Greenwald and Gaza

Since Glenn Greenwald is showing up on MSNBC and elsewhere, as an “expert” on Israel and Gaza, this is as good a time as any to recall his record with regard to the last major Hamas-Israel blowup, the Gaza incursion in 2008-09.

Greenwald consistently accused Israel of a “disproportionate” (and therefore illegal under international law) military response to the missile attacks from Gaza, but he refused to specify what he would consider a proportionate military response. He finally justified that refusal by claiming that since the military response was not going to work, only diplomatic means were lawful:

I’ve answered this repeatedly. Do you know of anyone who actually believes that at the end of this Israeli attack, there will be no more Hamas, or no more rockets? The only military solution to the rocket attacks is total annihilation of the residents of Gaza and a complete flattening of their cities. If Israel were to do that, what possible objections would those here be able to make who are arguing that “proportionality” has no role to play in restricting the means used to fight justifiable wars? Terrorism ends when the causes of it are addressed, typically via diplomatic means. That’s what history proves. [Editor’s note: But cf. Israel’s successful counter-terrorism operations in the West Bank in the 2000s, among other examples.]

Putting aside the obvious strawmen (no one was arguing that there would “be no more Hamas,” or not a single rocket), what history has shown is that 3,000 rockets, missiles, and mortars landed in Israel in 2008 before the Gaza incursion, and that includes a lengthy cease-fire period. Since the end of the Gaza incursion, only about 200 projectiles have fallen in Israel from Gaza, and, I believe, none have caused physical injuries. Other commentators (but not Greenwald) have acknowledged that they were wrong about the efficacy of Israel’s military action.

But let’s repeat the initial point: Greenwald thinks that ANY military action that Israel may take against Hamas is illegitimate, and that Israel’s only proper response to whatever violence Hamas unleashes is diplomacy. If Hamas decides to adhere to its stated policy that its goal is the destruction of Israel and the exile of its inhabitants, and acts accordingly, Israel’s only resort is apparently to surrender.

And while we’re on the subject of Greenwald, here’s an interview with Greenwald in which he (a) claims that Israel’s boarding of a blockade-running ship violates international law because the ship was in international waters.
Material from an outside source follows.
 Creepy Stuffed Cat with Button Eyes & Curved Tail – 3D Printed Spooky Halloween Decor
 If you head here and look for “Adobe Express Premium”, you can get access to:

Ruth Wedgwood, an actual expert in international law, then comes on to rebut him. I’m not an international law expert, and it’s not my cup of tea, but if you’re going to cite international law, you might as well get it right, and my understanding is that Greenwald is simply wrong here. Greenwald, also accuses Israel of piracy [UPDATE: More specifically, he writes, perserving I suppose plausible deniability: “What’s so odd about that is that the U.S. has been spending a fair amount of time recently condemning exactly such acts as ‘piracy’ and demanding ‘that those who commit acts of piracy are held accountable for their crimes’,” though he doesn’t actually link to anything suggesting that the U.S. has said that a state enforcing a blockade on the high seas is “piracy”], even though piracy is by definition undertaken by non-state actors; and (b) accuses everyone who disagrees with him about Israel’s blockade of simply regurgitating propaganda, which is amusing coming from someone who unhesitatingly repeated the following false propaganda from the “Free Gaza” activists: “Those on the ships emphatically state that the IDF came on board shooting.” (He later added a “but see” (without acknowledging that it wasn’t there initially), linking to video that rebuts the claim he regurgitated.) And this from someone who constantly accuses journalists he doesn’t like of being “mindless stenographers.”
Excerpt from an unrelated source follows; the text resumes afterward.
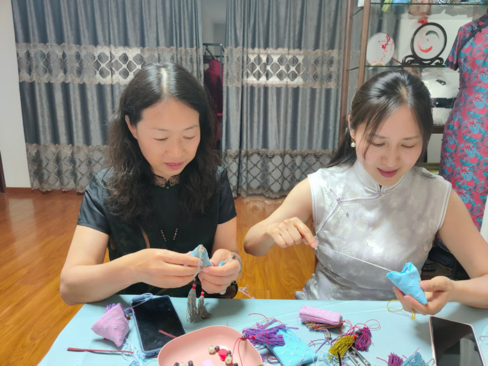 在2022年农历端午节到来之际,九三学社菏泽市委员会开展“香囊传文化,端午寄安康”活动,喜欢手工制作的社员们欢聚一堂,亲手缝制端午香囊。九三学社菏泽市委副主委田荷秀参加活动。

UPDATE: Greenwald updates: “for an excellent discussion of the illegality of the Israeli raid, see this analysis from former British Ambassador and maritime law expert Craig Murray, and this one from International Law Professor Kevin Jon Heller (the Post has a decent article on this topic today as well).”

The first piece simply asserts that the raid was illegal. Heller, meanwhile, argues that the blockade itself is illegal, but seems to acknowledge that if the blockade is legal, the raid is legal. The Post piece presents different perspectives, but the “illegality” argument seems come down to the bizarre position that a state can board ships heading to another recognized state to enforce a blockade, but it can’t board ships heading to a terrorist entity that acts as a state to enforce a blockade.